Спиннерен вырулил на первую полосу, перегнулся через Дженни, открыл пассажирскую дверцу.
– У тебя есть деньги на такси?
– Что это взбрело тебе в голову?
– Собираюсь выполнить твое желание.
– Но не бросишь же ты меня прямо на улице?
– Тебя я взять с собой не могу. Так что если ты действительно хочешь знать, что происходит, то давай решайся поскорее. – Он полез в карман, достал кошелек, выудил две двадцатки. – Сунь деньги в лифчик и никому не показывай, пока не сядешь в такси.
Она все еще колебалась.
– Ну же, – резко сказал он.
Взяв у него деньги, она вылезла из машины.
– Как только что-нибудь узнаешь, звони мне, понял?
Свистун с Нелли прошли на стоянку. Шум бульвара здесь замер, словно кто-то внезапно крутанул ручку громкости. Позади осталось и неоновое сияние сотен вывесок и реклам. Лишь над входом на стоянку ярким желтым светом горела парочка фонарей.
Они подошли к видавшему виды «шевроле», на котором ездил Свистун. Открыв дверцу с пассажирской стороны, он пригласил Нелли в салон. В машине пахло попкорном и старыми кроссовками. Она, однако же, одернула юбку с таким видом, словно уселась в лимузин, собираясь отправиться на премьеру.
И Свистун подумал о том, когда в последний раз надевал смокинг.
Глава третья
Дом Уистлера представлял собой причудливое сооружение из кирпича и стекла, возведенное на площадке в каких-то двадцать футов в поперечнике, тогда как чуть ли не все конструктивные его части нависали над обрывом в два яруса, первый из которых носил название Ирландской террасы, а по второму, именуемому бульваром Кахуэнго, сплошным потоком бежали машины.
Припарковав «шевроле», он хотел было помочь Нелли, но она и сама уже выбралась из машины и, дожидаясь его, встала под джаракандой.
– Вам, Уистлер, не надо строить из себя поэта-кавалера. Но и в шоферы я вас тоже не нанимала.
– Ничего не могу с собой поделать. Что-то такое от вас исходит.
– А, ну конечно. Ладно, постараюсь держать себя в рамках. – Она пропустила его вперед по пешеходной дорожке, ведущей к дому. – А это ваш дом или вы его снимаете?
– Он мой, иначе бы меня здесь не было.
– Не поняла.
– Летом я боюсь, что сюда по склону спустится лесной пожар. Зимой я боюсь, что дожди смоют меня вместе с домом прямо на проезжую часть дороги. А летом и весной я боюсь, что начну разгуливать во сне и свалюсь с балкона.

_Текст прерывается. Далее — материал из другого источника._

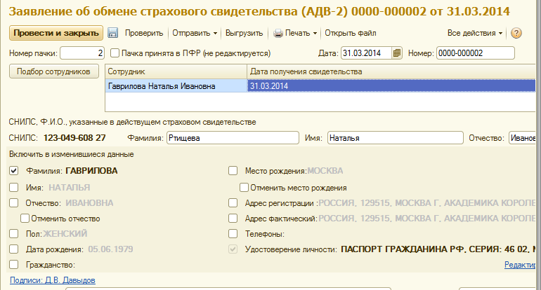 При выборе сотрудников заполняются их личные данные, если данные были введены корректно, то документ готов к отправке.

Он отпер дверь, включил свет. Одновременно загорелись люстра в холле и три или четыре лампы в гостиной. Войдя и впустив Нелли, Свистун закрыл дверь.
– А кто-нибудь отсюда уже падал?
– Однажды было такое. Но мне наплевать, потому что свалился порядочный негодяй.
Она вышла на середину комнаты и огляделась по сторонам. На мгновение он испугался того, что он начнет прибираться в его всегдашнем бардаке, но вместо этого она села в кресло-качалку, скрестила ноги и переплела руки с таким видом, словно была королевой, находящейся в собственной опочивальне в ожидании того, что ей подадут чай.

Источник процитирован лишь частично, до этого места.